EWC offers several different WSP’s, so some of the terms outlined may or may not apply to your Company’s selection. These Terms of Service pertain to EWC’s Month-to-Month WSP and website hosting services. If your Company has any other service

with EWC such as Search Engine Optimization (SEO), your Company must to refer to the agreement your Company was provided upon initiating that service.

1) Definitions

  1. Website Subscription Package (“WSP”): Monthly service plan for a website and hosting of site that may or may not include other services depending on the plan your Company selected.
    1. All-In-One (AIO) – See “All-In-One” section on: https://everythingwebsites.com/websites/ for all included features.
    2. Rent-To-Own (RTO) – See “Rent-to-Own” section on: https://everythingwebsites.com/websites/ for all included features.
    3. Monthly Maintenance (MM) – See “Monthly Maintenance” section on: https://everythingwebsites.com/websites/ for all included features.
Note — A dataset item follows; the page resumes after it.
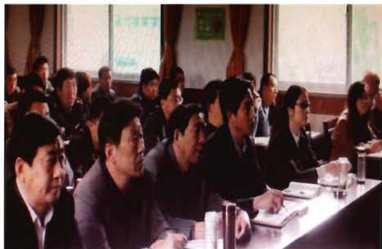
2012年12月30日,孟县交通运输局党员干部观看《失德之害》警示教育片

See section 9.5 for hosting limitations.
    4. Review Management Service (RMS) – See “Review Management Service” section on: https://everythingwebsites.com/websites/ for all included features. See section 9.5 for hosting limitations.
    5. Annual Hosting (AH) – See “Annual Hosting” section on: https://everythingwebsites.com/websites/ for all included features. See section 9.5 for hosting limitations.
    6. Review Management Service (RMS) – See “Review Management Service” section on: https://everythingwebsites.com/websites/ for all included features.
  2. SEO: An acronym for Search Engine Optimization, is the process of affecting the visibility of a website or a web page in a search engine’s “natural” or un-paid (“organic”) search results.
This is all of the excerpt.